一方、リベラルの人たちは、すでに存在している確実なパラダイムに対して、常により新しい別の選択肢がないかを考え続け、ロジックを更新していこうとします。そして、そうした行為自体が人間としてあるべき正しい姿だと考える傾向が強いと言えます。
この両者は、脳科学におけるいわゆる「ボトムアップ」と「トップダウン」のプロセスのせめぎ合いとも言えます。
同様の言い回しは、経営や組織論にもありますが、そこにおける用語と混同しないように注意してください。脳科学では、前頭前野が決定したことに認知的に従うことをトップダウンと呼びます。前頭前野でのコントロールによる「ダイエットすべき」、あるいは「リベラルであるべき」という思考は、トップダウンによるものです。

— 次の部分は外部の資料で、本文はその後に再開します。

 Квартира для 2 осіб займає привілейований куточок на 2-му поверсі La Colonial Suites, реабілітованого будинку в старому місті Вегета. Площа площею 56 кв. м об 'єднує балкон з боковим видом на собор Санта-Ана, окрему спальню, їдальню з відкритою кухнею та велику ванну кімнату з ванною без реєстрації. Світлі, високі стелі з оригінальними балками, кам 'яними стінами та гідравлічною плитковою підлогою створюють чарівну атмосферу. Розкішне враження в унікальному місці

しかし、トップダウン的思考を行ったとき、実は後から振り返ると、意外に賢い選択がなされていなかった、ということも多いのです。よくありがちな例はダイエットとリバウンドの関係です。
人は前頭前野でダイエットのメリットを思考します。容姿を良くしたい、健康に生きたい、とにかく目標を達成するクセをつけたいなど、自らのあるべき姿を設定して「ダイエットをするぞ」と決めます。すると、本来人間が持っている「食べたい」という本能、つまりボトムアップからの欲求をそれこそ365日、起きている間中、抑制していなければならなくなります。

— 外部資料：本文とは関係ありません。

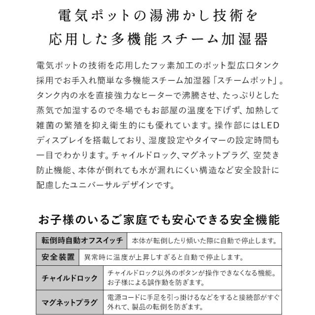THREEUP 多機能スチーム加湿器 スチームポット ST-T2370 スリーアップ 電気ポットの湯沸かし技術を応用 多機能スチーム加湿器 上部給水 ポット型加湿器 誰でも使いやすい ユニバーサルデザイン ![]() ![]() ![]() ![]() ![]() ![]() ![]() ![]() ![]() ![]() ![]() ![]() | ||||

そしてダイエットのことばかりに脳のリソースを奪われ、他にやらなければならないことはたくさんあるのに気が回らなくなります。すると次第に面倒になり、あるいはあまりの面白みのなさ、つらさに嫌気が差してダイエットは主たる思考の座から追われ、リバウンドしてしまうというわけです。

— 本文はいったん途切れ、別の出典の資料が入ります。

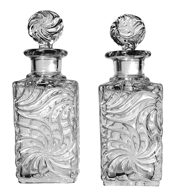 FLASKOR (toilett-), 2 st, med propp Av färglöst glas, blåsta fast i form. Fyrsidiga, med tvärt indragen skuldra, kort cylindrisk hals med starkt utstående mynningskant samt skålig botten. Dekor: I relief. På sidorna ett sammanhängande virvelmönster med blomliknande virvlar. Proppar gjutna, koniska, med sfärisk knopp. Knoppen i dekor som flaskorna. Höjd: 14 cm; utan propp, höjd: 10,8 cm; sidbredd: 5,3 cm Propp, höjd: 5,2 cm; diameter: 3 cm Inköpta av Wilhelmina von Hallwyl på 1880- eller 1890-talet hos en handlande i Stockholm.

リベラル、つまり「理想的な社会を作る」「正しくあるべきだ」という思考の制御は、前頭前野で行われています。ダイエットすべきだ、瘦せている方が美しく健康的だ、という思考と、これまでの(古く誤っているかもしれない)方法は否定すべきだ、社会はより正しく変わるべきだ、という思考は、いずれも現実に対して、ボトムアップの思考を殺し、強制するように行われているものです。
極端な例かもしれませんが、1つの思考実験として以下のような状況を考えてみましょう。自分が尊敬する父親から、次のように教えられて育ってきたとします。父は自分に、「困っている人がいたら必ず助けてあげなさい」と常日頃から説き、そう振る舞ってきました。そして、自分もそれに納得しているとします。